All of the above information from the State, along with my own personal experience, indicate grouse were extirpated (removed, gone) from Lorain County quite some time ago. Remnant populations did exist in suitable habitat in Cuyahoga county and Lake county until the late 1980's, but geographically this area borders what was once excellent grouse areas of Geauga county. I've never known there to be any grouse in Lorain County, even when the overall state population was "high". 

I assume you have ruled out hen pheasants as being what you saw since most people are familiar with those. But I'm wondering if possibly some Hungarian partridge, or some similar liberated game bird is what you saw. 

The above said, not second guessing you, if you saw a grouse then you saw it. I just know how hard it is to find even 1 in places where 20 years ago I could find 25. And I never could find 25, nor even 1, in Lorain County

If you get pics or video I'd be interested to see as well knowing which township (by Private Message maybe?). 

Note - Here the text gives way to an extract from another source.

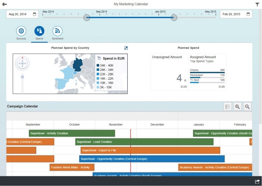 SAP hybris Marketing ソリューションは、リアルタイムのコンテクスチュアル・データ(状況に即したデータ)を活用することで、特定の顧客や見込み客の両方に関し、全方位のプロファイルを更新し続けることができます。こうしたダイナミックなプロファイルは、個客の過去の行動履歴や、将来の行動予測、その瞬間に最も関心のある物事などを含みます。強力なターゲティング・ツールを利用することで、マーケターは、Webサイト、Eメール、デジタルサイネージの広告を通じて、パーソナライズされた1対1のキャンペーンで訴求したり、営業電話やサービスコールをしたり、モバイルアプリやモバイルデバイスにプッシュ・メッセージを送ることが可能です。また顧客の行動に応じてリアルタイムかつ自動的にキャンペーンを実施したり、マーケターがキャンペーンの計画やスケジュールの設定をしたりできるほか、マウスを数回クリックするだけでアドホックなキャンペーンの作成もできます。

Very interesting thanks for sharing!


----------



## LilSiman/Medina (Nov 30, 2010)

FSZ said:


> The state has done annual hunting surveys on grouse since 1972. There has also been an annual spring drumming survey.
> 
> I have been a ruffed grouse hunting cooperator for the state since 1986. I hunted grouse every year from that time until January 2010. From 86 to 06 I probably hunted 2000 hours. I presently do not hunt grouse in Ohio. During this time in lived in western Cuyahoga county.
> 
> ...



I am a very inexperience hunter/outdoorsman and there is a high possibility that I didn't see grouse. In my mind I thought they were, and after doing some research and seeing what you've just said most likely not grouse. Whatever it was... looked very much like a grouse. I've kicked up probably 50 grouse in southern Ohio shed hunting, deer hunting, turkey hunting etc.. too me that's what it looked like.


----------



## FSZ (Mar 12, 2009)

Never know. If you get a trail cam pic or vid I would love to take a look at it.


----------